Work order:
Please give back each line below unchanged; none of the pictures should appear.

BEGIN Given information

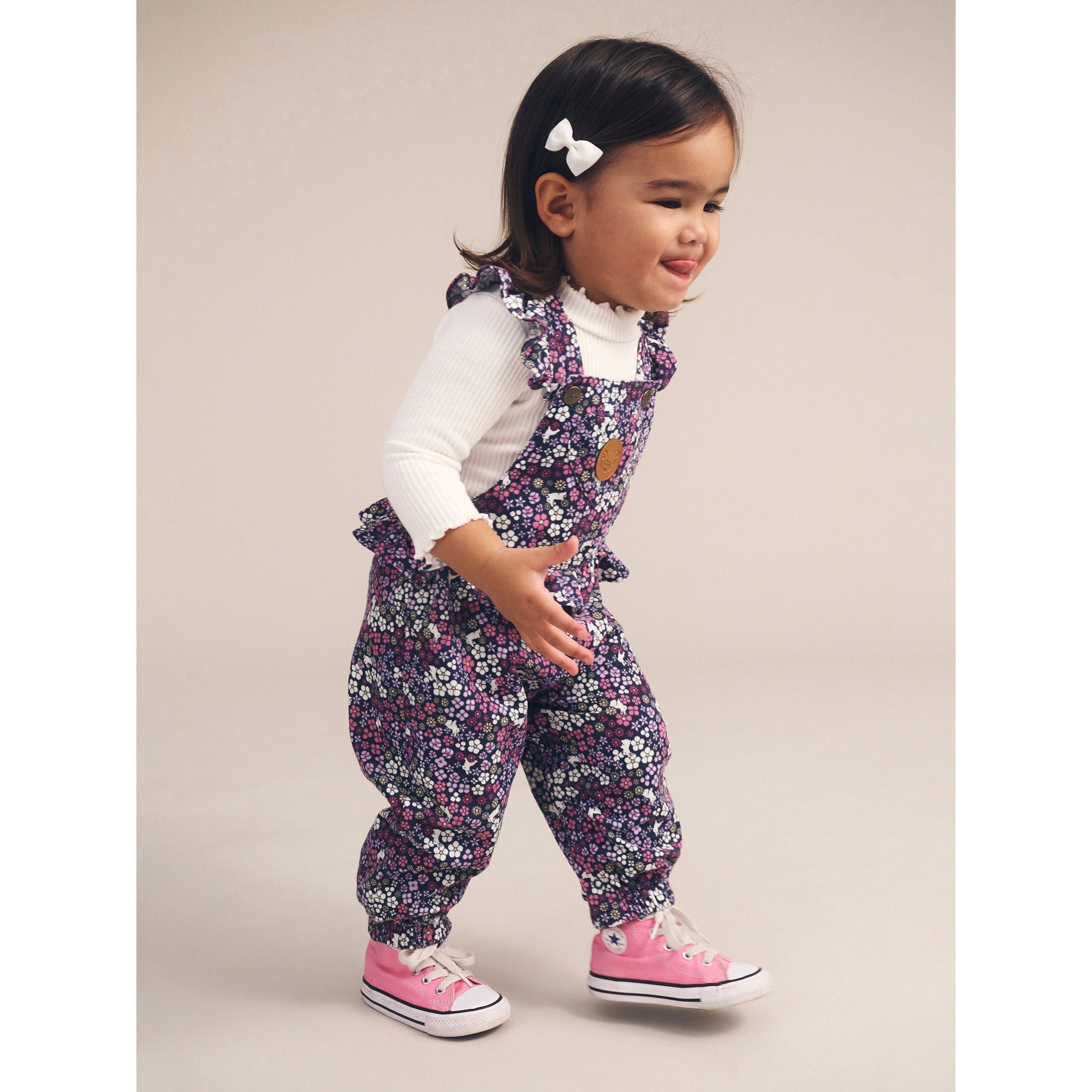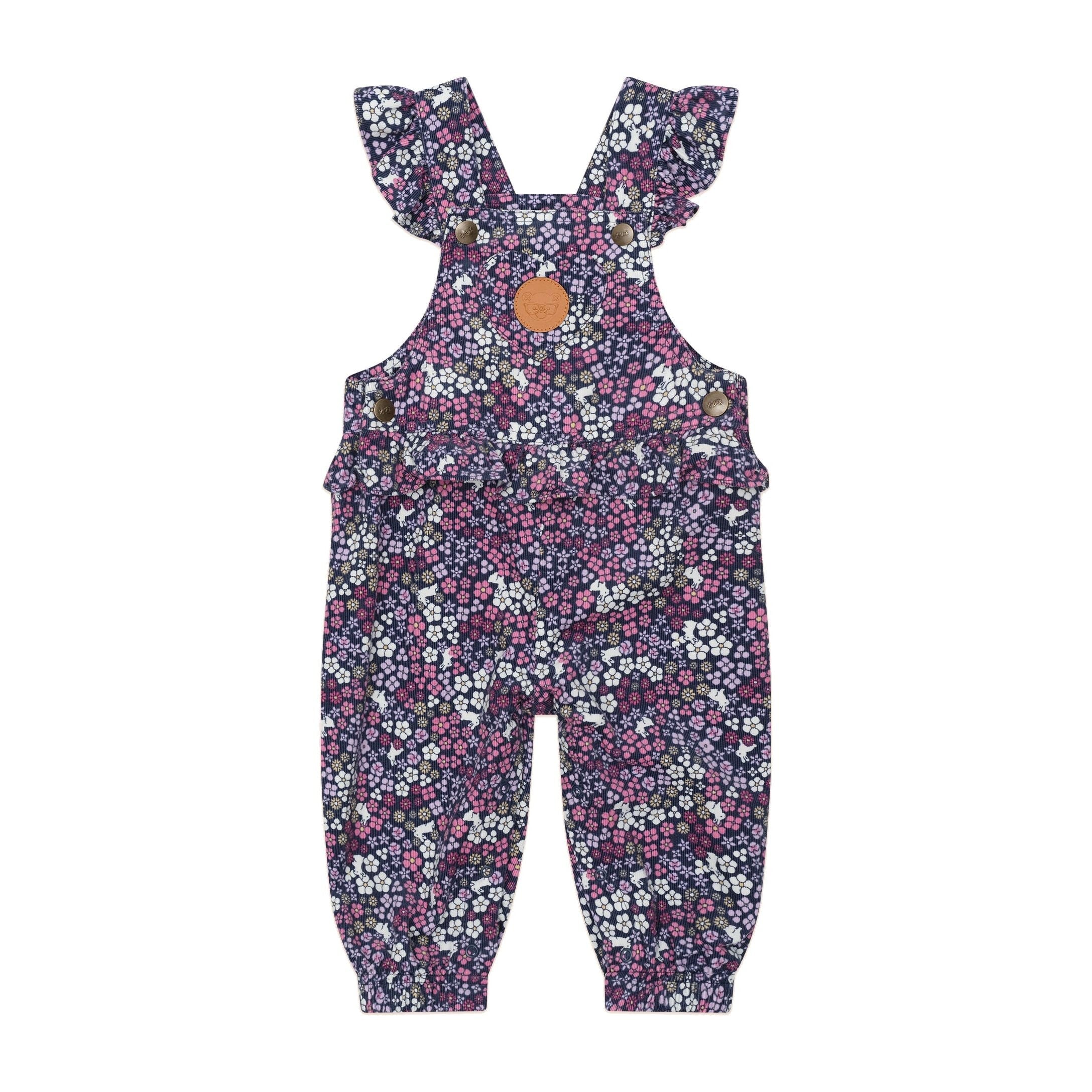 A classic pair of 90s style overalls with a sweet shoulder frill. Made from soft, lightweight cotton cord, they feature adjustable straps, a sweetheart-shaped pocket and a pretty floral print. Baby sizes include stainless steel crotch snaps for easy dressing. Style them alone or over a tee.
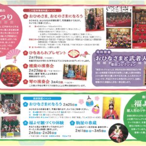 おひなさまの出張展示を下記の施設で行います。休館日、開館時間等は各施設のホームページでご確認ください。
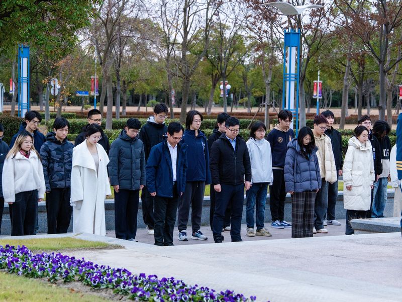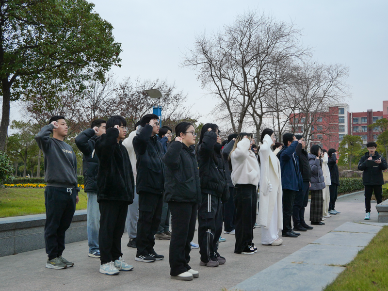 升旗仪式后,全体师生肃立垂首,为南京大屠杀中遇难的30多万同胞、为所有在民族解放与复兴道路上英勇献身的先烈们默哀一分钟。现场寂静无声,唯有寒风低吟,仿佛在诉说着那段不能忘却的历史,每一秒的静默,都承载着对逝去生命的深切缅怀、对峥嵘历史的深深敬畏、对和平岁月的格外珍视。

END Given information

Output for this exercise:
 A classic pair of 90s style overalls with a sweet shoulder frill. Made from soft, lightweight cotton cord, they feature adjustable straps, a sweetheart-shaped pocket and a pretty floral print. Baby sizes include stainless steel crotch snaps for easy dressing. Style them alone or over a tee.
 おひなさまの出張展示を下記の施設で行います。休館日、開館時間等は各施設のホームページでご確認ください。
 升旗仪式后,全体师生肃立垂首,为南京大屠杀中遇难的30多万同胞、为所有在民族解放与复兴道路上英勇献身的先烈们默哀一分钟。现场寂静无声,唯有寒风低吟,仿佛在诉说着那段不能忘却的历史,每一秒的静默,都承载着对逝去生命的深切缅怀、对峥嵘历史的深深敬畏、对和平岁月的格外珍视。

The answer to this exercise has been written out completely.